Собрались быстро: я — следователь прокуратуры, мой друг Димка — зампрокурора, пара оперов, судмедэксперт Семёныч. Дорога длинная, щебёнка шуршит, обочины ржавеют от кустов, по низинам лёгкий туман. На полпути остановились, выпили чаю. Послушали байки Семёныча. Он человек опытный, историй знает немало. Подъехали к реке, на противоположной стороне стоял посёлок, где находилось место нашего назначения. Дом престарелых — длинная деревянная коробка почти на самом краю берега. Река внизу, как асфальт. На лодке переплыли реку.

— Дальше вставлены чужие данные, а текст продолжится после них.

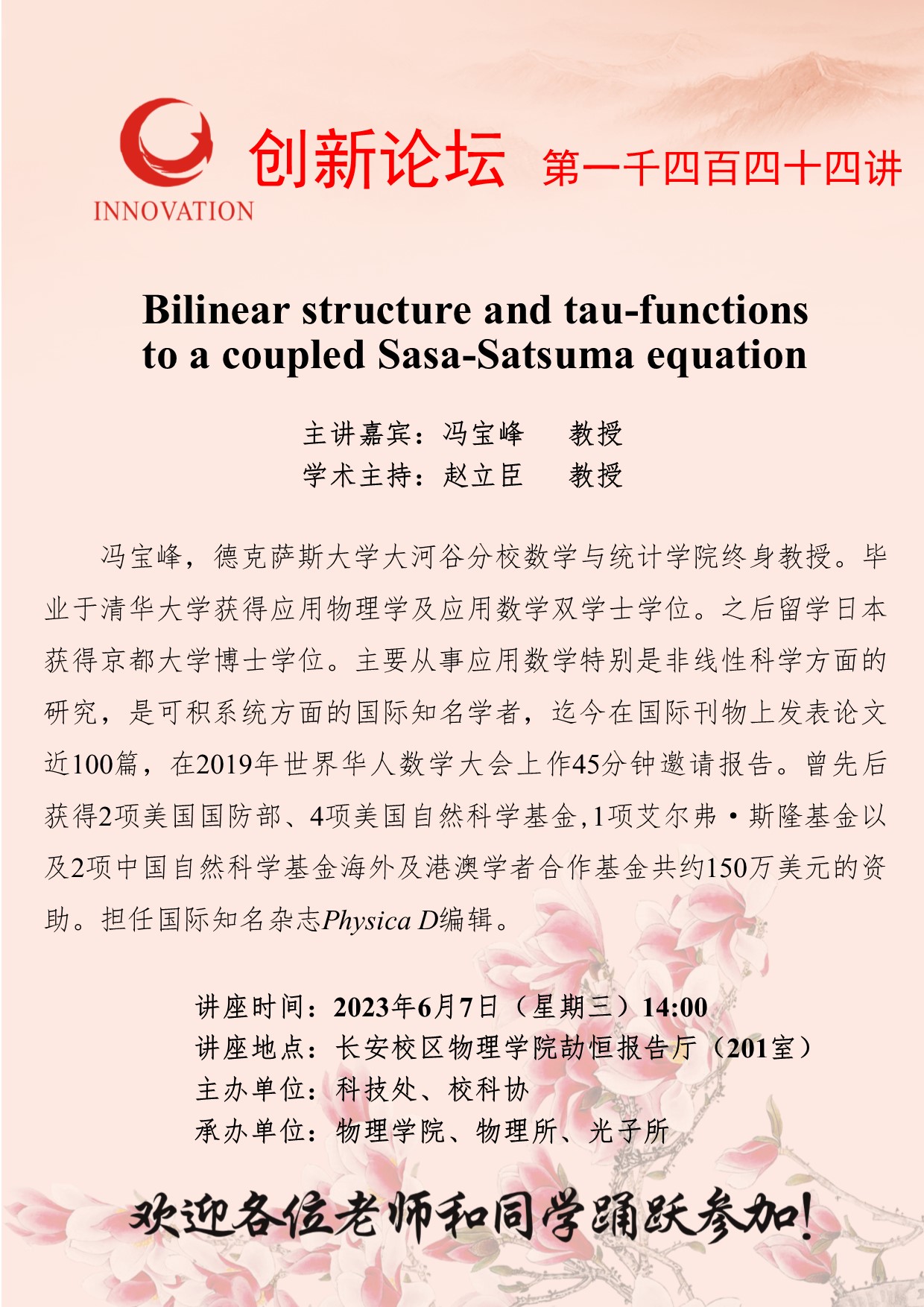 冯宝峰 教授 伟德国际1949始于英国创新论坛第一千四百四十四讲:Bilinear structure and tau-functions to a coupled Sasa-Satsuma equation 讲座时间 2023年6月7日(星期三)14:00 讲座地点 长安校区物理学院劼恒报告厅(201室) 讲座人介绍 冯宝峰 教授 讲座内容

Прибыли около восьми вечера. По пути выяснили: не пять, а четыре. Пятая жива, увезли в районную больницу. У крыльца в полутьме топталась соцработница — молодая женщина, лет тридцати с небольшим, белая куртка, взгляд растерянный. Внутри уже был участковый; он и сообщил по рации, что «подозреваемый сидит у себя». Подозреваемый — Виктор Петрович — бывший следователь прокуратуры. Мы переглянулись: с таким совпадением редко сталкиваешься.


2

Коридор тянулся метров на двадцать: длинная деревянная кишка, лампы тусклые, стеклянные плафоны в пыли, половики по линолеуму кое‑где сбиты. Запах — дешёвого мыла и тёплой пыли. Комнаты большие, но пустые — кроме металлических кроватей с пружинной сеткой и ватных матрасов почти ничего. Тумбочка у каждой койки, у кого‑то на тумбочке радиоприёмник. Один телевизор на весь дом, и тот — в красном уголке.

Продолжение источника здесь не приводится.